→ Dataset excerpt
*** Block opens ***
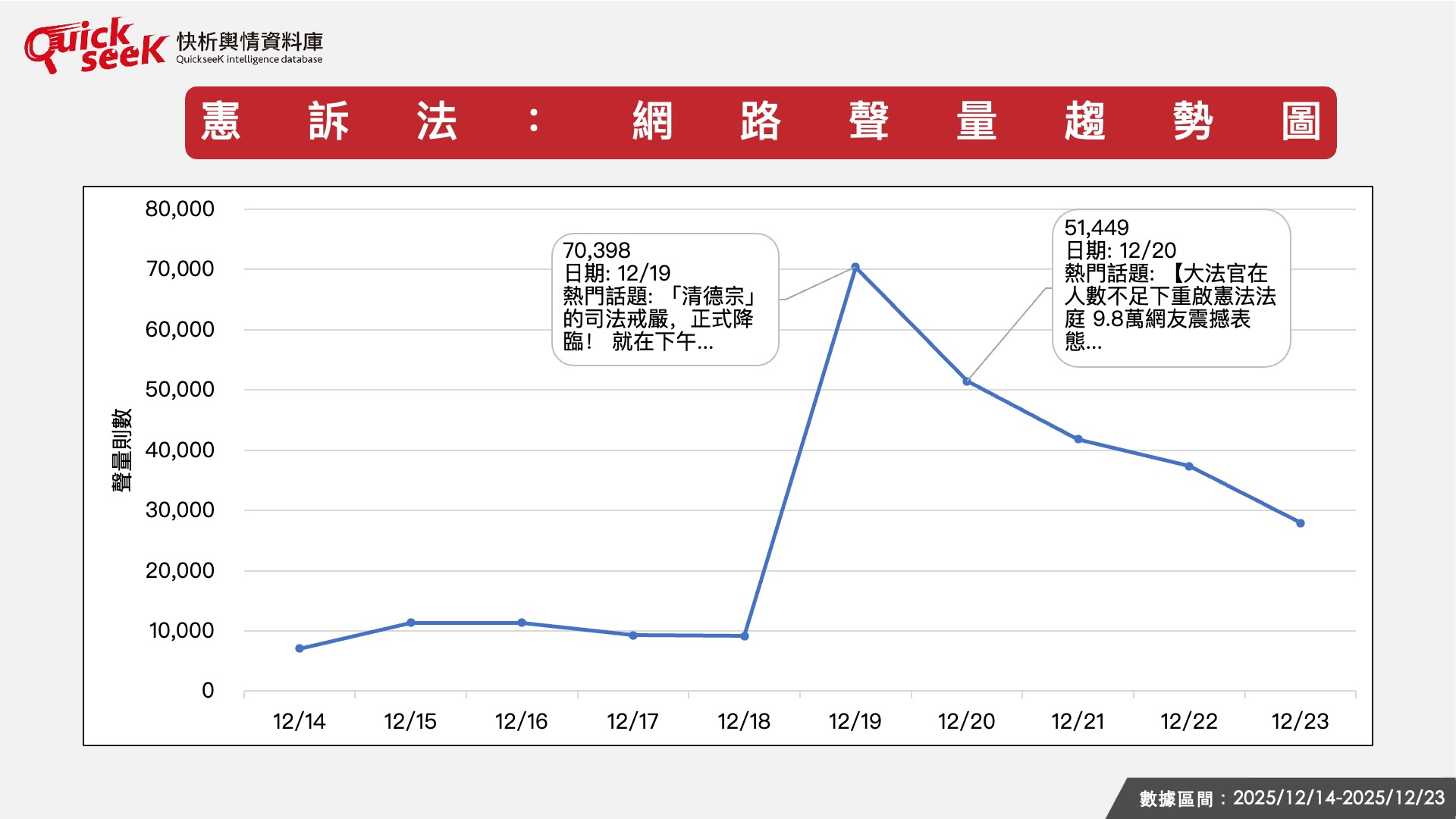 透過QuickseeK快析輿情資料庫觀察憲訴法議題的網路聲量趨勢,在114年憲判字第1號判決出爐前,就因為行政院宣布不副署,連帶引起不少憲法法庭無法運作、憲訴法修法的相關討論,連日來都有數千甚至上萬則,到19日憲法法庭判決出爐,當天聲量一舉衝上7萬398則,此後連續5天聲量都超過2萬則,討論熱烈。其中,熱門話題包括藍委邱鎮軍指控賴清德搞司法戒嚴,將憲法法庭「家法化」,利用憲法法庭完成沒坦克和軍隊的司法政變;還有媒體報導憲法法庭重啟,網友感到震撼,報導稱,在網路上某個YT頻道的民調有96%網友認為「大法官自己不守法,很丟臉」,也成為熱門話題。
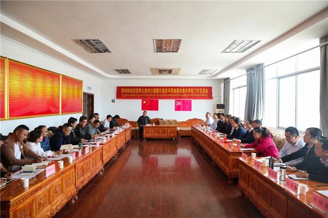 王艷珍轉(zhuǎn)達(dá)了學(xué)校領(lǐng)導(dǎo)班子對(duì)那曲職校的親切問(wèn)候,介紹了鄭州財(cái)經(jīng)學(xué)院近年來(lái)發(fā)展概況及新校區(qū)建設(shè)情況,對(duì)那曲職校教育工作者為藏區(qū)教育事業(yè)發(fā)展作出的貢獻(xiàn)表達(dá)欽佩之情。
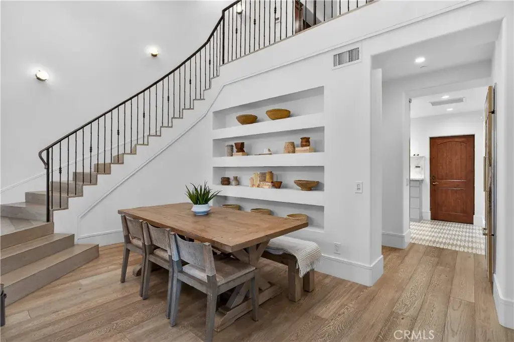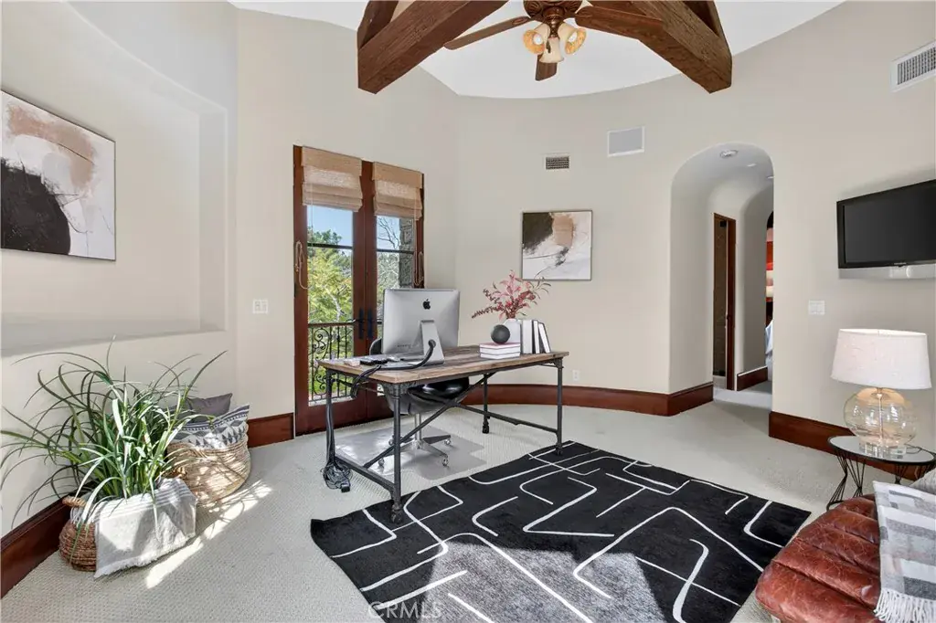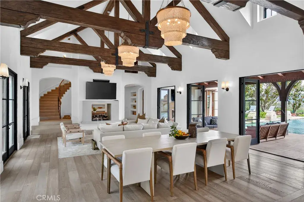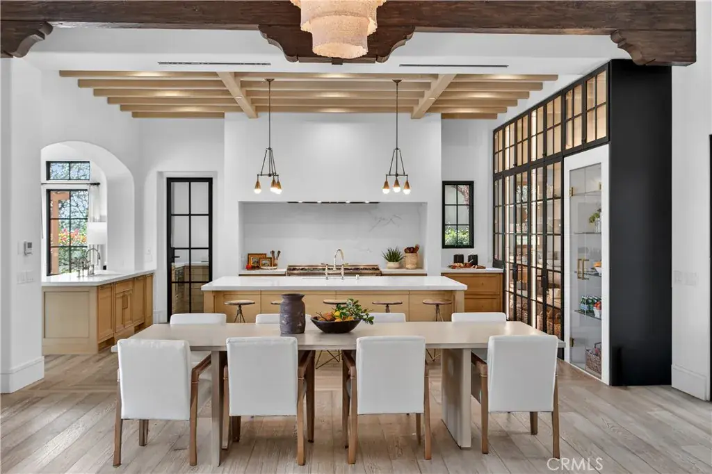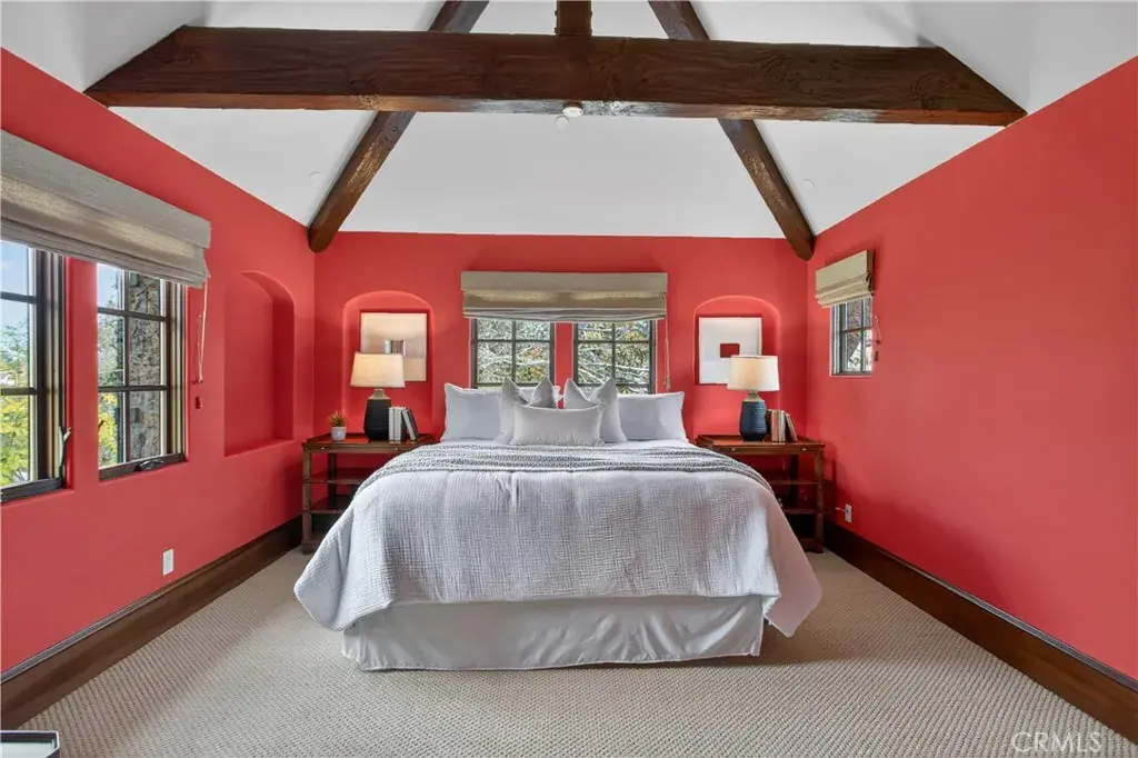 A gated entry leads to a serene courtyard where natural landscaping and a fountain set a tranquil tone. Inside, French oak floors, soaring cathedral ceilings, adorned with beautifully crafted beams and walls of French doors bathe the home in uplifting natural light, creating an inviting flow that blurs the line between indoors and out.
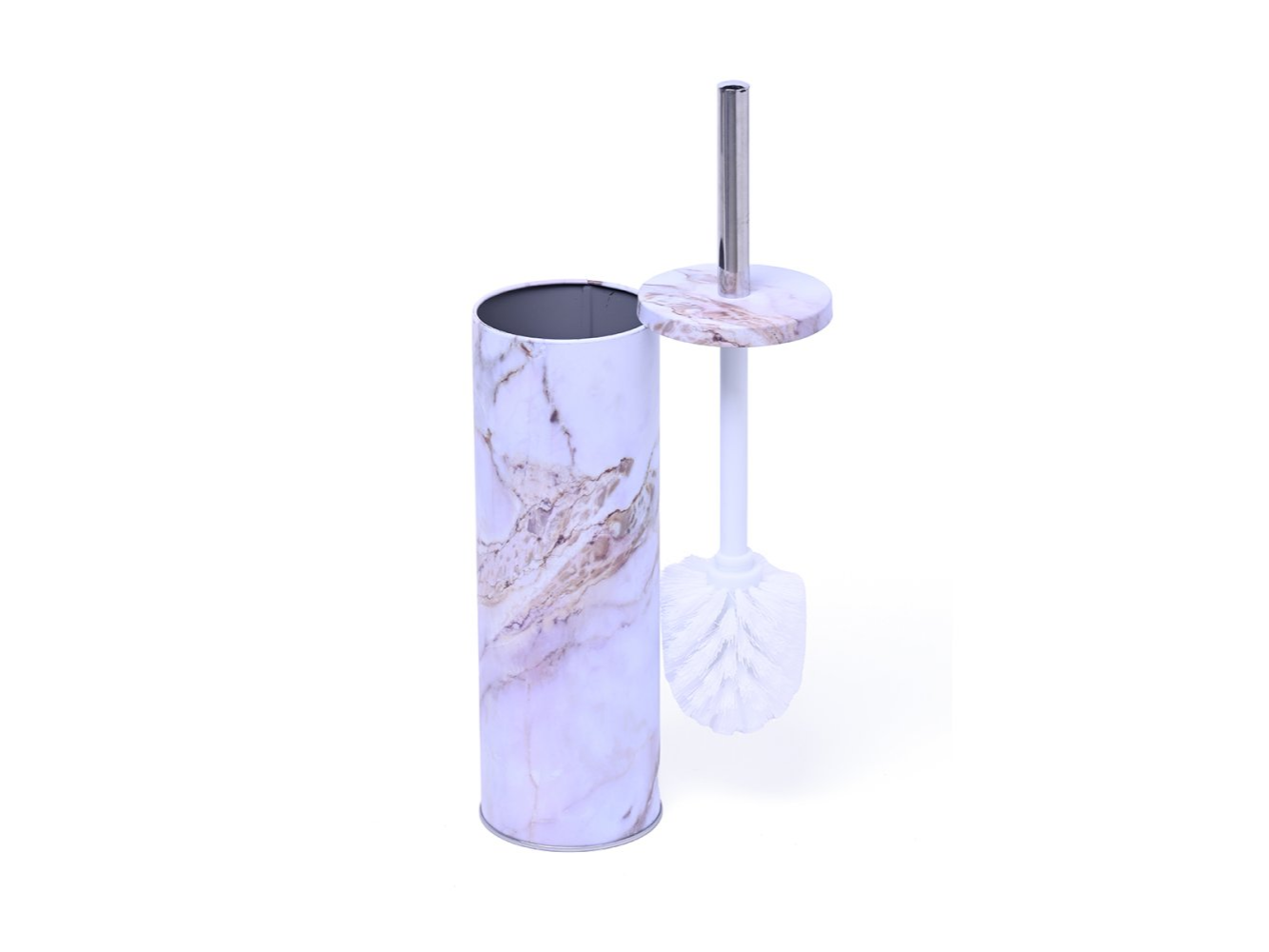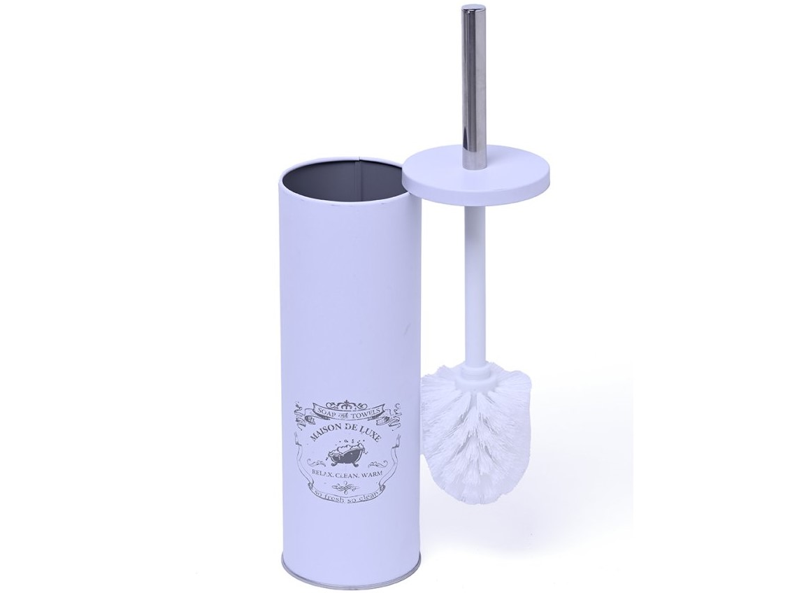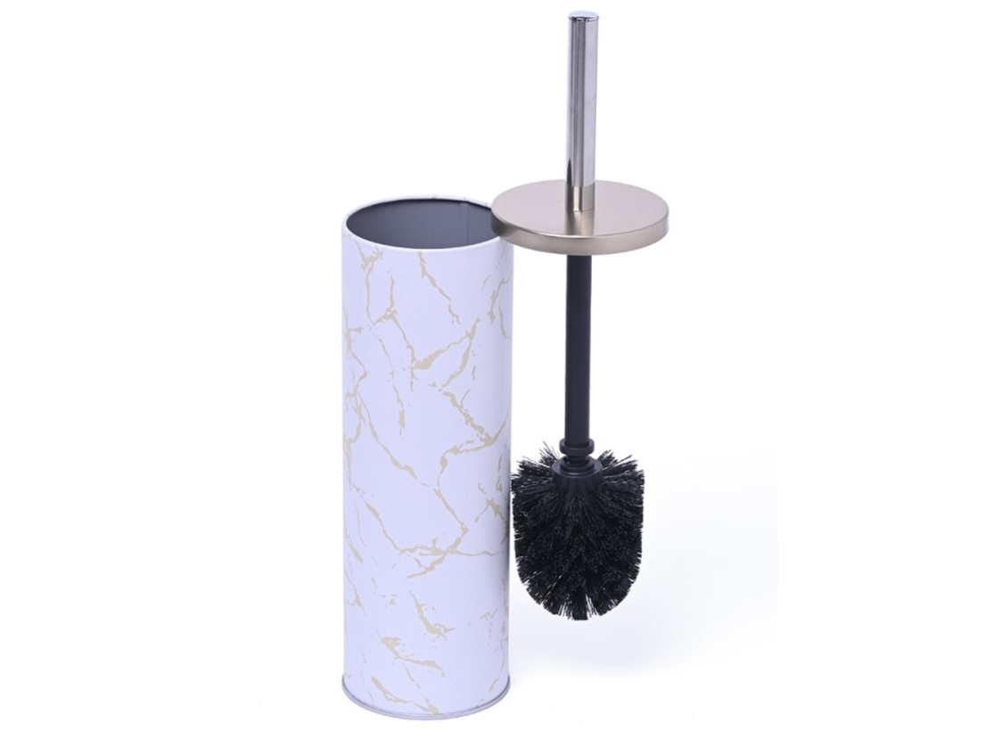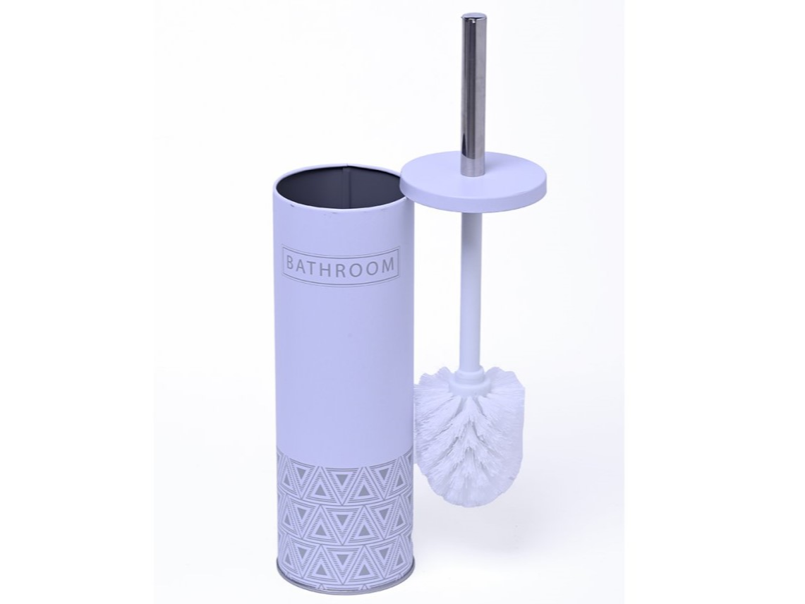 Cepillo limpia inodoro fabricado en plástico, con mango metálico.
*** Block closes ***
→ Task statement
Copy out the material above exactly; the images stay out.

→ Result for this task
 透過QuickseeK快析輿情資料庫觀察憲訴法議題的網路聲量趨勢,在114年憲判字第1號判決出爐前,就因為行政院宣布不副署,連帶引起不少憲法法庭無法運作、憲訴法修法的相關討論,連日來都有數千甚至上萬則,到19日憲法法庭判決出爐,當天聲量一舉衝上7萬398則,此後連續5天聲量都超過2萬則,討論熱烈。其中,熱門話題包括藍委邱鎮軍指控賴清德搞司法戒嚴,將憲法法庭「家法化」,利用憲法法庭完成沒坦克和軍隊的司法政變;還有媒體報導憲法法庭重啟,網友感到震撼,報導稱,在網路上某個YT頻道的民調有96%網友認為「大法官自己不守法,很丟臉」,也成為熱門話題。
 王艷珍轉(zhuǎn)達(dá)了學(xué)校領(lǐng)導(dǎo)班子對(duì)那曲職校的親切問(wèn)候,介紹了鄭州財(cái)經(jīng)學(xué)院近年來(lái)發(fā)展概況及新校區(qū)建設(shè)情況,對(duì)那曲職校教育工作者為藏區(qū)教育事業(yè)發(fā)展作出的貢獻(xiàn)表達(dá)欽佩之情。
 A gated entry leads to a serene courtyard where natural landscaping and a fountain set a tranquil tone. Inside, French oak floors, soaring cathedral ceilings, adorned with beautifully crafted beams and walls of French doors bathe the home in uplifting natural light, creating an inviting flow that blurs the line between indoors and out.
 Cepillo limpia inodoro fabricado en plástico, con mango metálico.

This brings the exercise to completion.